[INFORMATION SUPPLIED]:
- - -

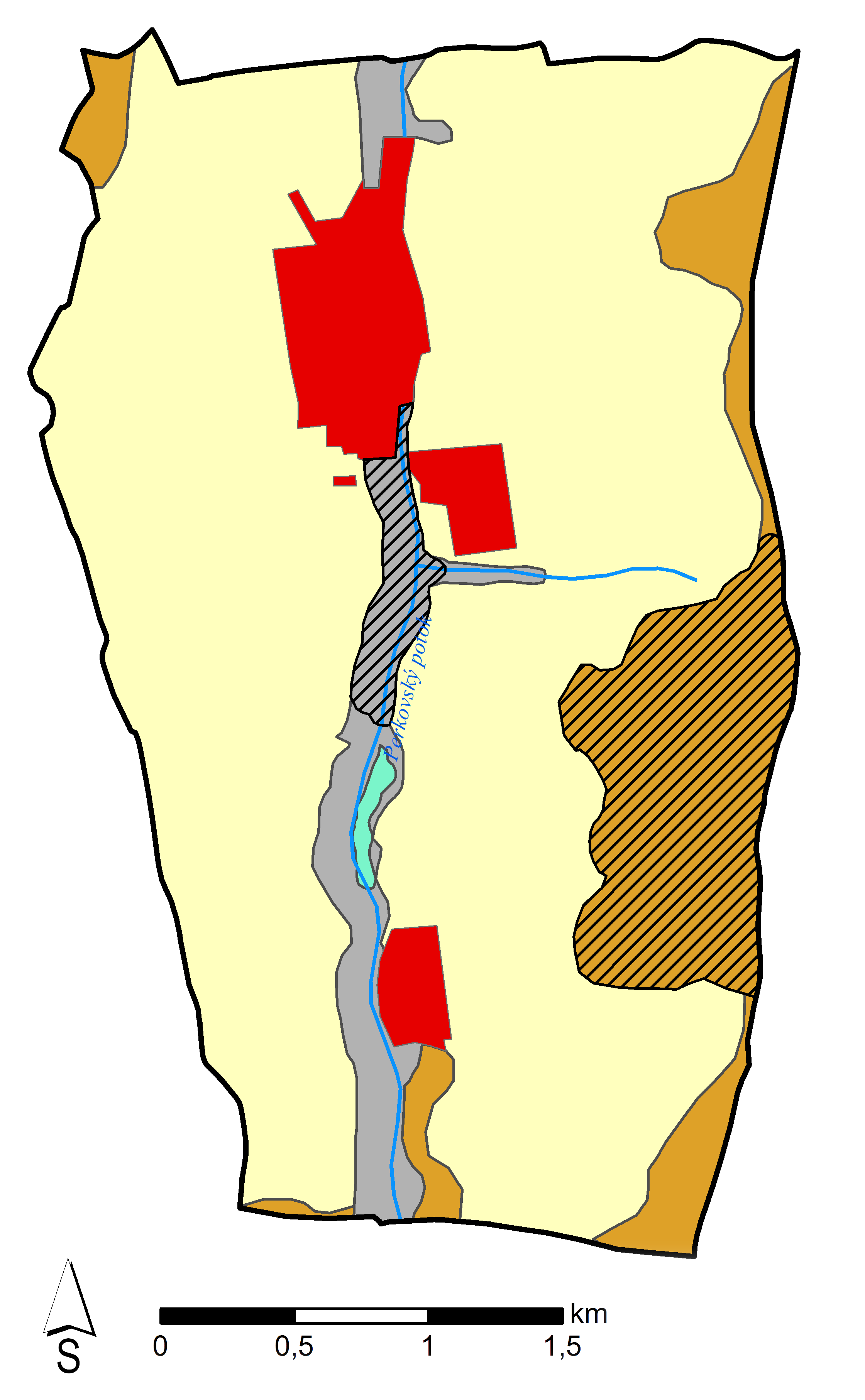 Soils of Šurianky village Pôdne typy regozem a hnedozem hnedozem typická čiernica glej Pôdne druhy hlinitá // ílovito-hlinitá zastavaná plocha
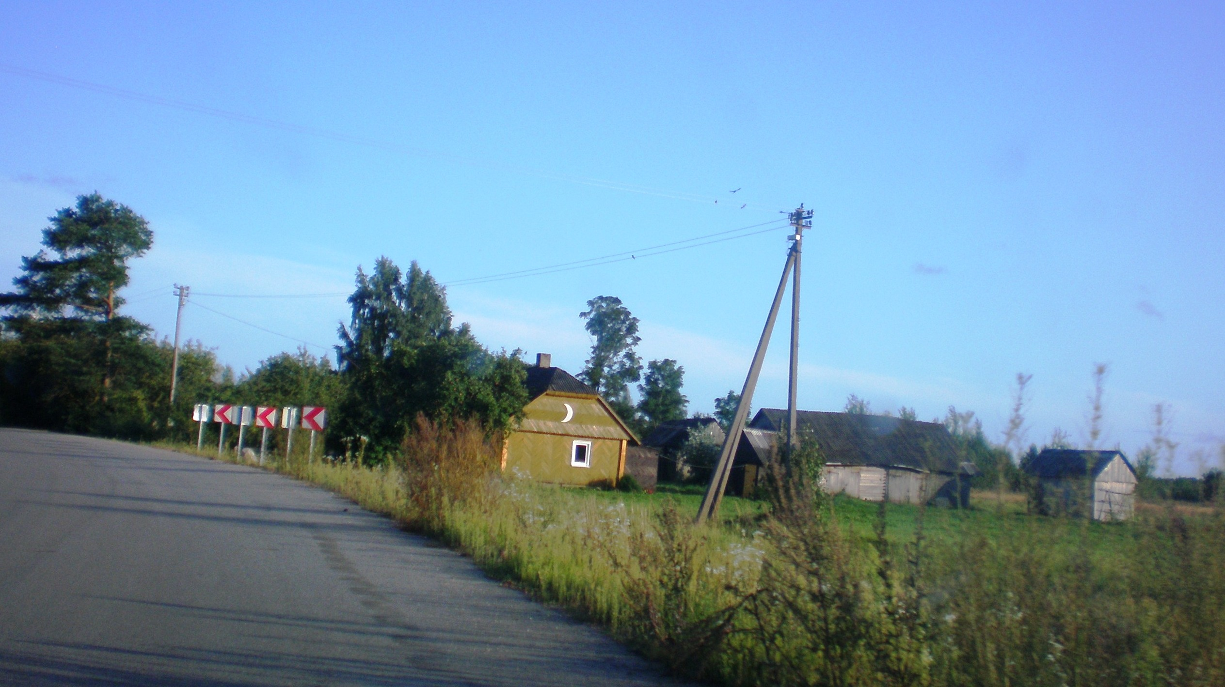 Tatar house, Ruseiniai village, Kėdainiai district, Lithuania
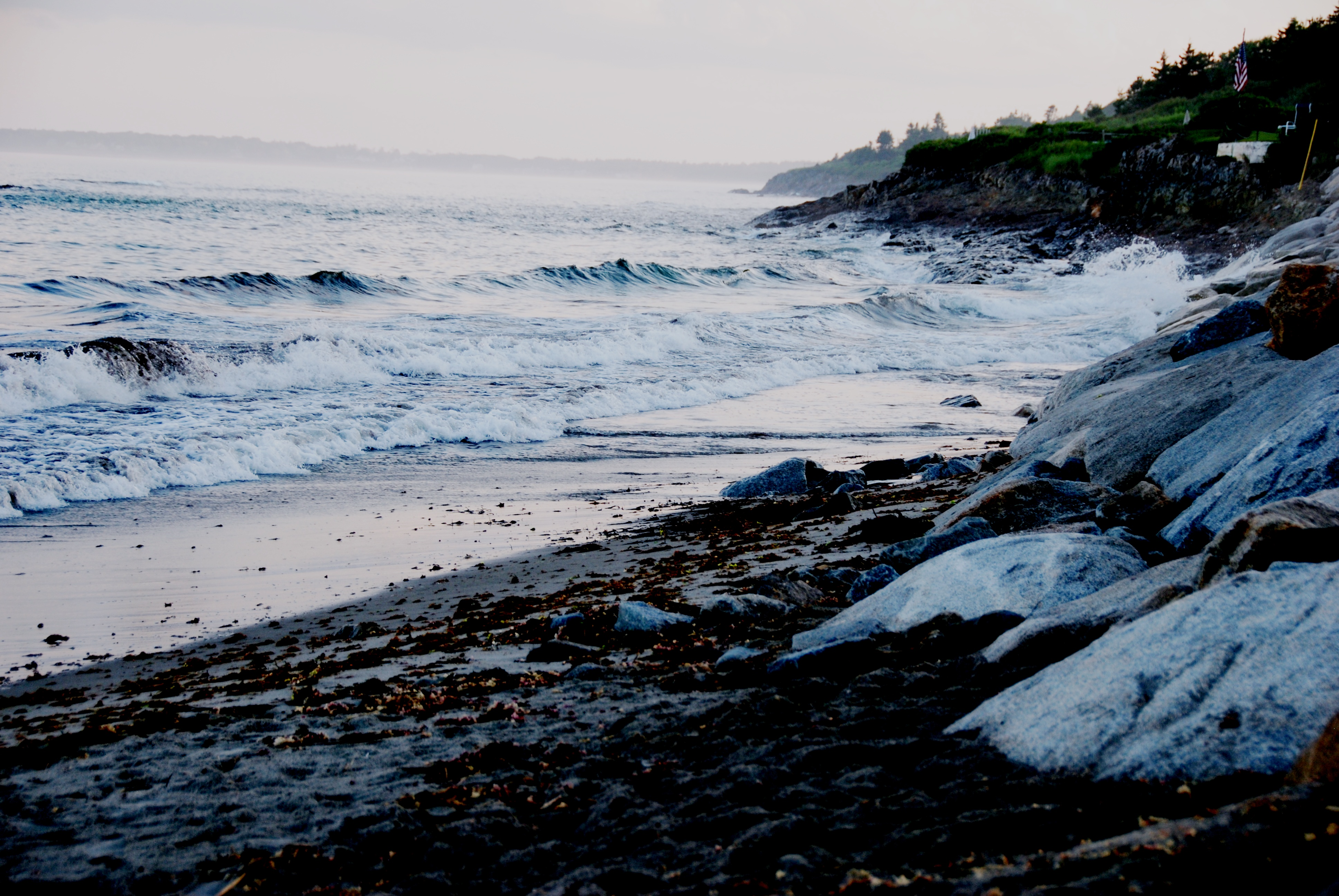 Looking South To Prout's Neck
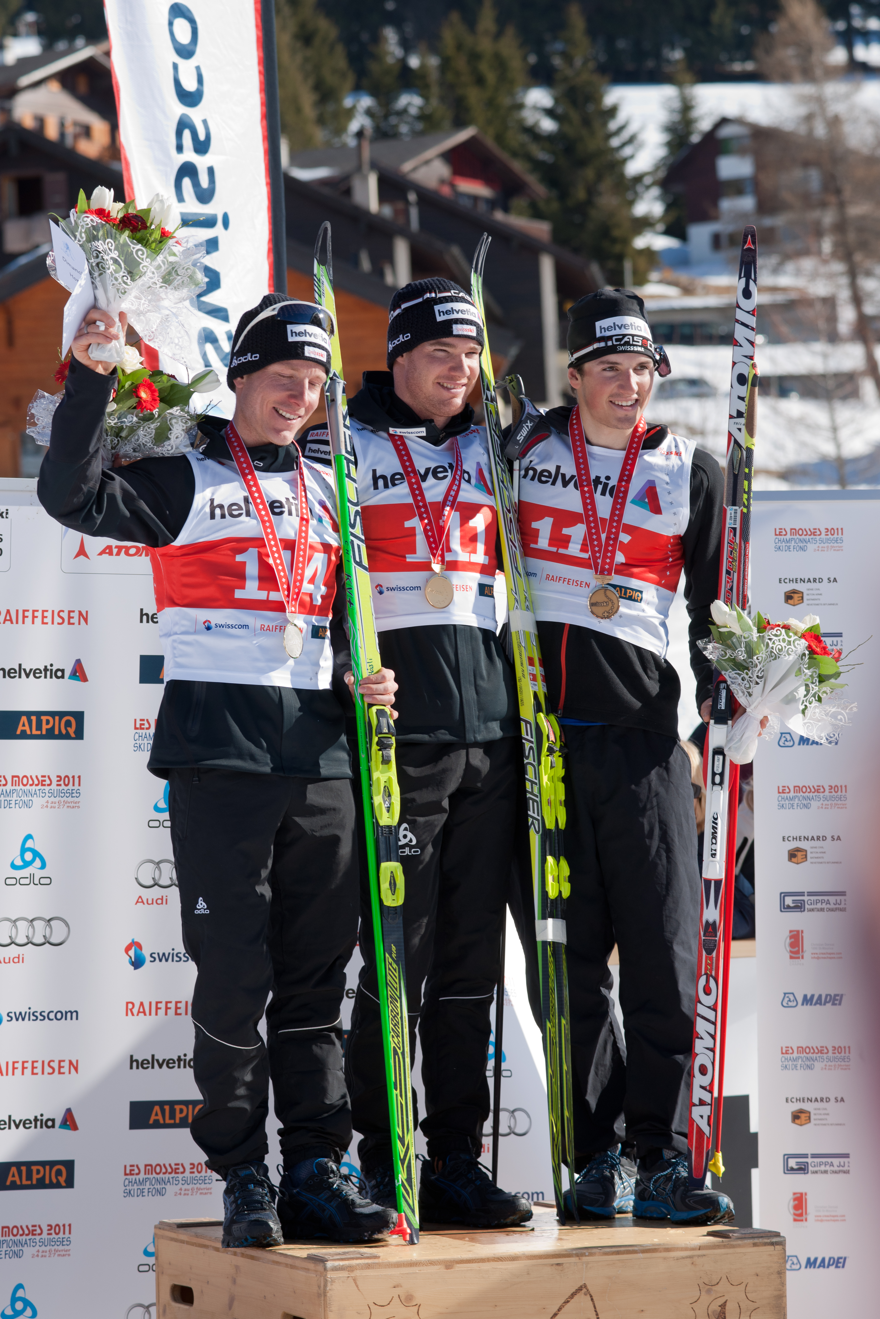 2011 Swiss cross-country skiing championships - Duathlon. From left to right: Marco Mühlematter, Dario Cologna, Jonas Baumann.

- - -

[EXERCISE BRIEF]: Set down exactly the lines between the one with "Looking South To Prout's Neck" and the last line of the material above, both included, but none of the pictures.

[RESPONSE]:
 Looking South To Prout's Neck
 2011 Swiss cross-country skiing championships - Duathlon. From left to right: Marco Mühlematter, Dario Cologna, Jonas Baumann.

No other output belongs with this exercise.